**PROBLEM TO WORK ON**: Only the lines from the beginning of the data through the line holding "نواب البرلمان الإيراني" belong in the answer, printed exactly and without pictures.

**EXERCISE DATA**:
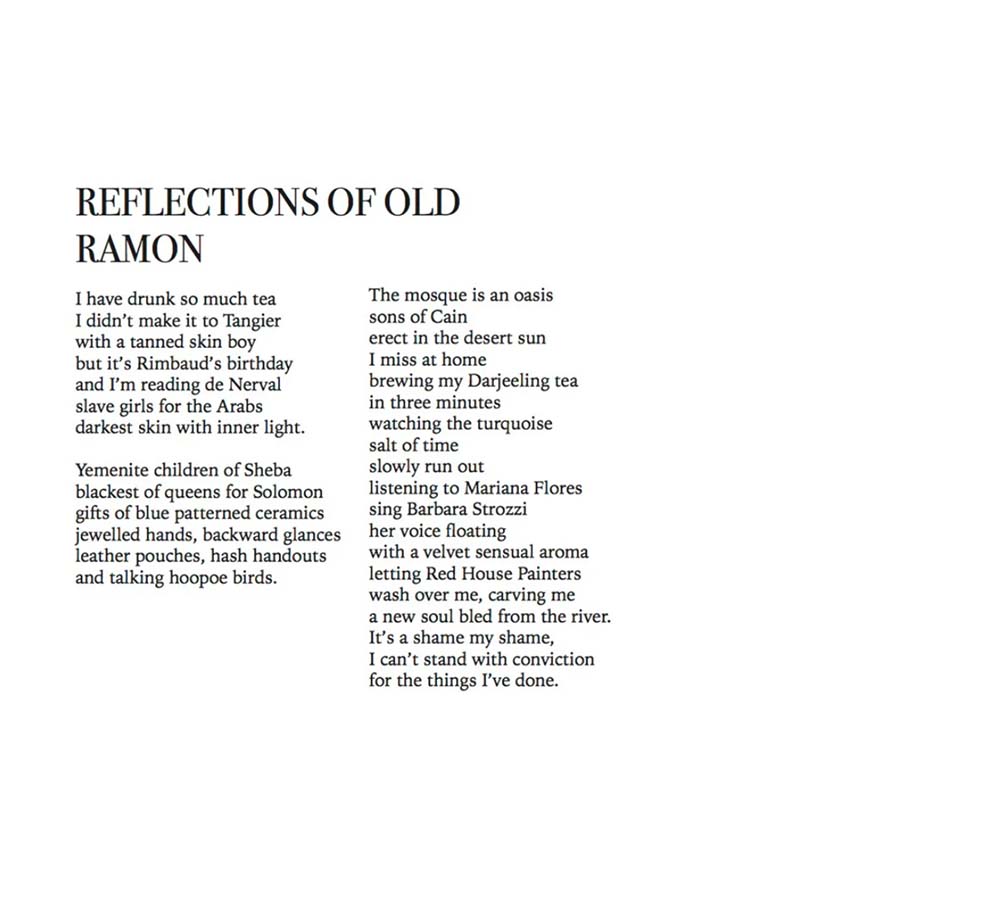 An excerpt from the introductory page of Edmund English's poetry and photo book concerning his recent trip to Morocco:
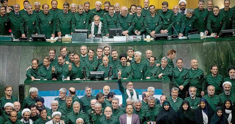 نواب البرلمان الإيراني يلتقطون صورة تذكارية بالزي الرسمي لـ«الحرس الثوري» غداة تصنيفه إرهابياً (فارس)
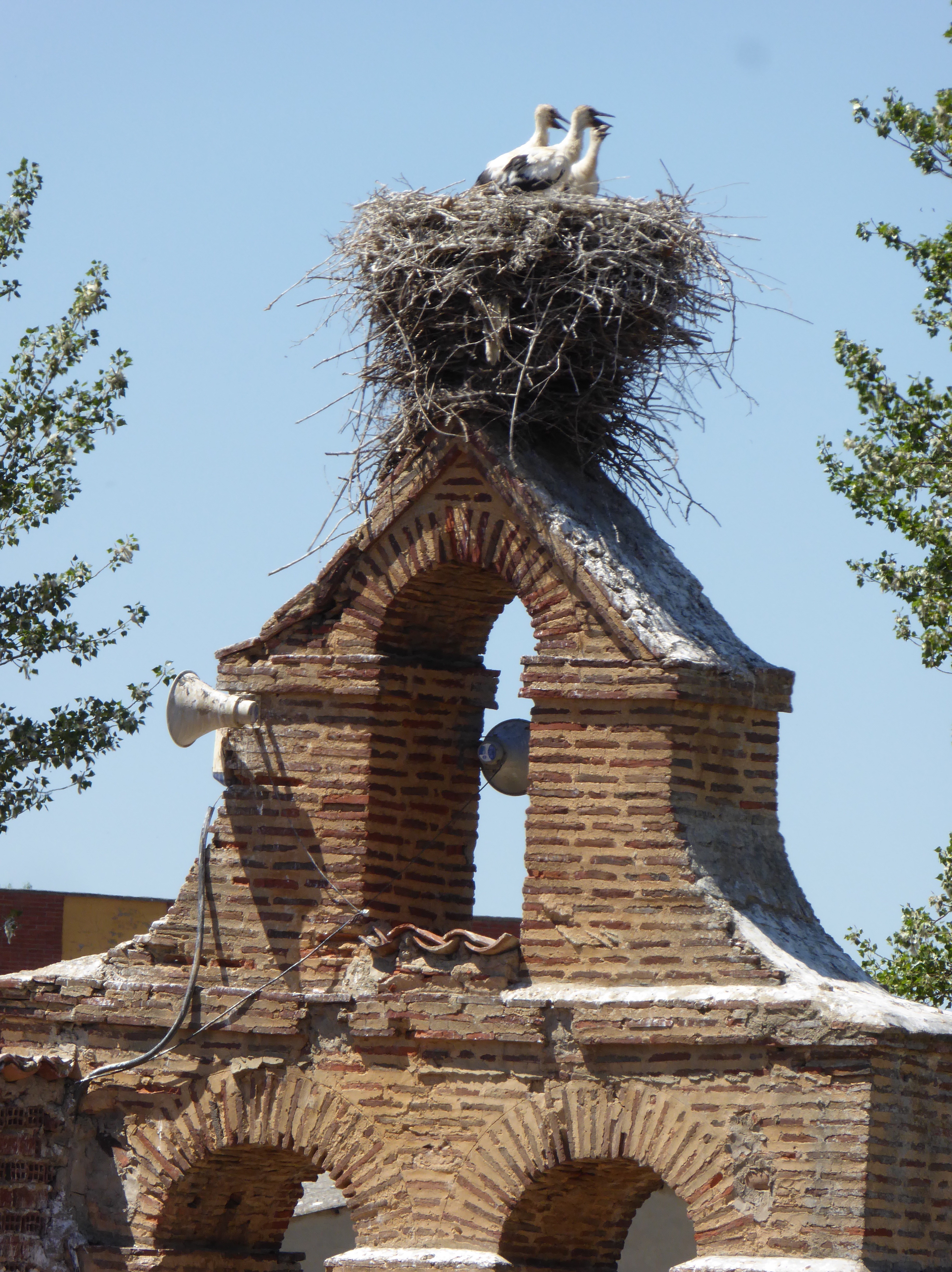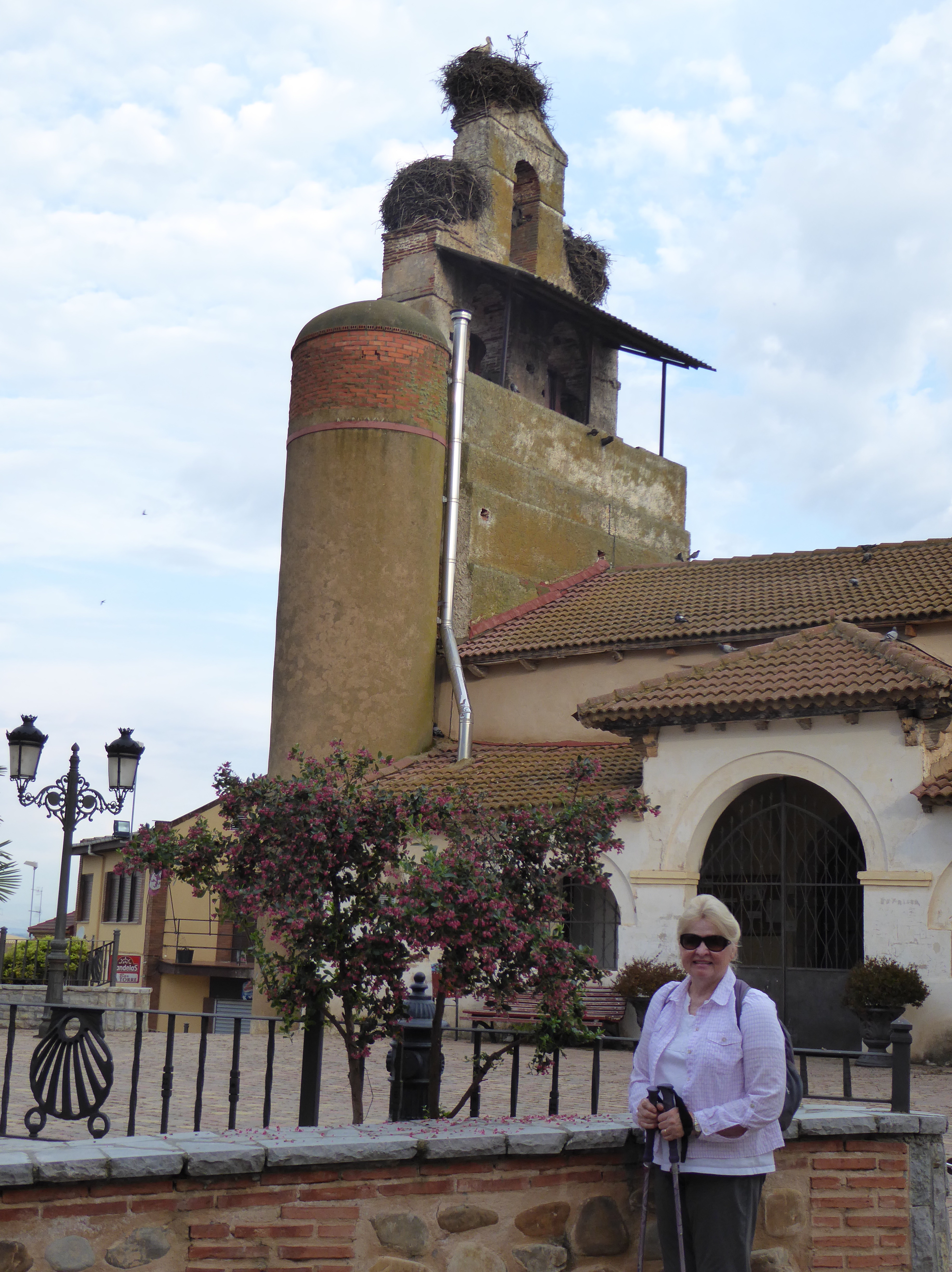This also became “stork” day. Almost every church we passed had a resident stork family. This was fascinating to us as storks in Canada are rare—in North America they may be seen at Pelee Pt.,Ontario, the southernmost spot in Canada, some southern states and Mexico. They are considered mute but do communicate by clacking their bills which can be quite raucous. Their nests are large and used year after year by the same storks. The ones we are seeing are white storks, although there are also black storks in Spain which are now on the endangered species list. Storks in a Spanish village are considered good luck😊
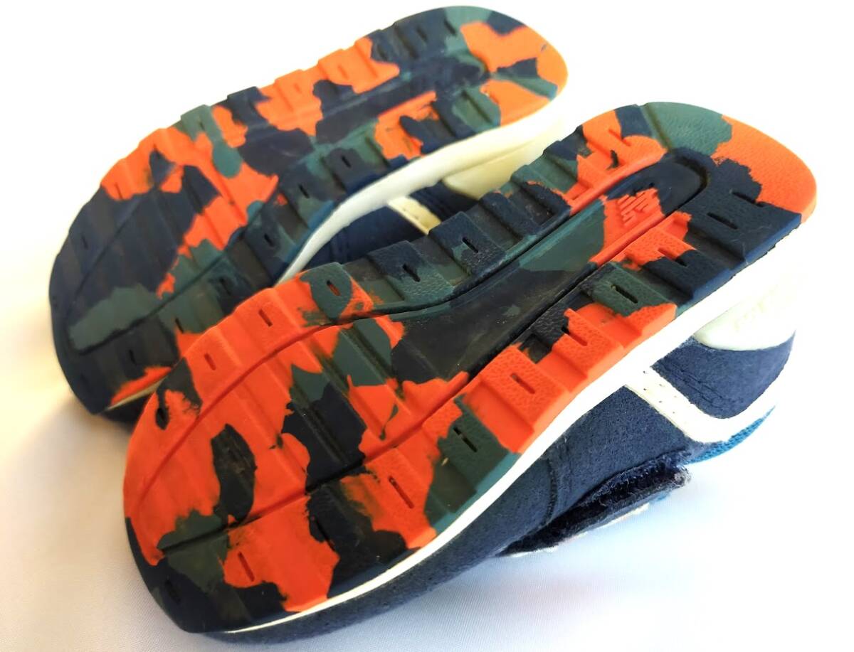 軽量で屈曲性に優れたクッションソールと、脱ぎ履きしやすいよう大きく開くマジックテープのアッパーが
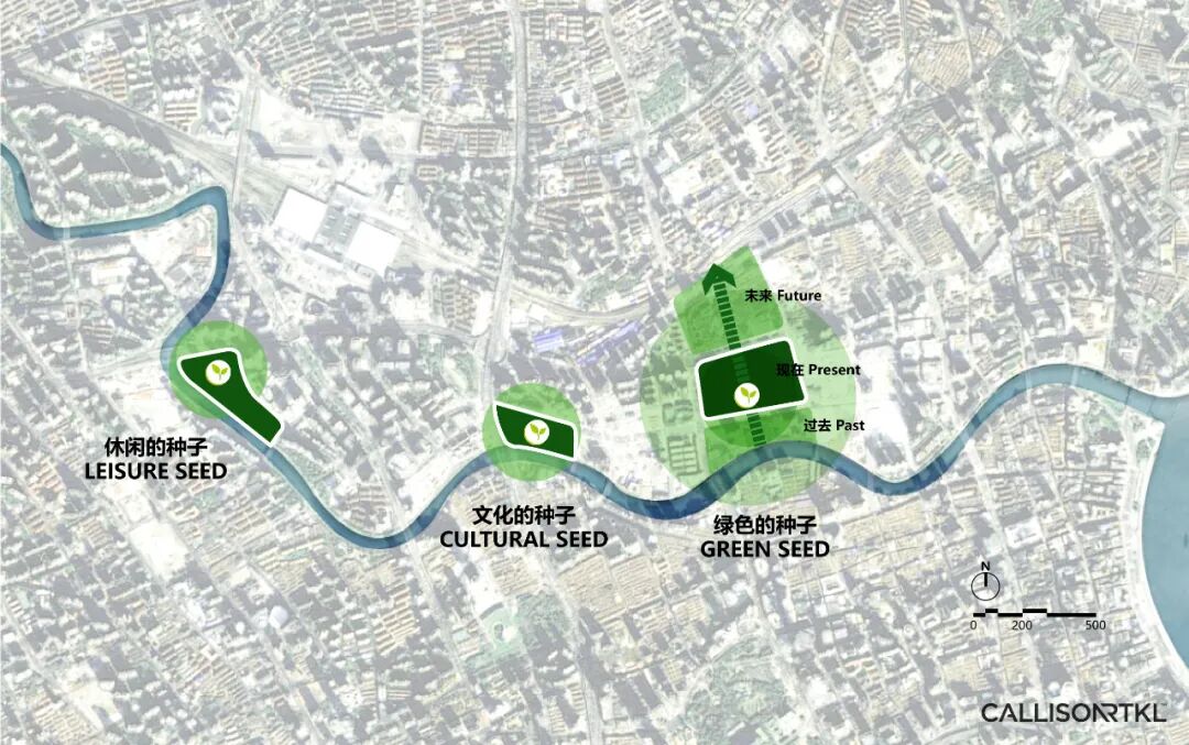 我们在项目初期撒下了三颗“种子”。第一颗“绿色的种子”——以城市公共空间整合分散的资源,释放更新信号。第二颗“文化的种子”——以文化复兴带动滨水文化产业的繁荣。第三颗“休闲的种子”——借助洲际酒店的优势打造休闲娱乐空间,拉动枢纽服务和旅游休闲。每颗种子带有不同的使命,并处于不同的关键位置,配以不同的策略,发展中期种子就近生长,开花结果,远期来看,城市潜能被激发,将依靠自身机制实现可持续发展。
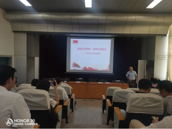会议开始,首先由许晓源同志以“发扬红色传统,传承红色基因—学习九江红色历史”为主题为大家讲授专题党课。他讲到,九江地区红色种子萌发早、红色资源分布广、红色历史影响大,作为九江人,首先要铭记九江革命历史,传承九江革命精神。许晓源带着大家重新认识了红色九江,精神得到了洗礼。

**FINISHED EXERCISE**:
 An excerpt from the introductory page of Edmund English's poetry and photo book concerning his recent trip to Morocco:
 نواب البرلمان الإيراني يلتقطون صورة تذكارية بالزي الرسمي لـ«الحرس الثوري» غداة تصنيفه إرهابياً (فارس)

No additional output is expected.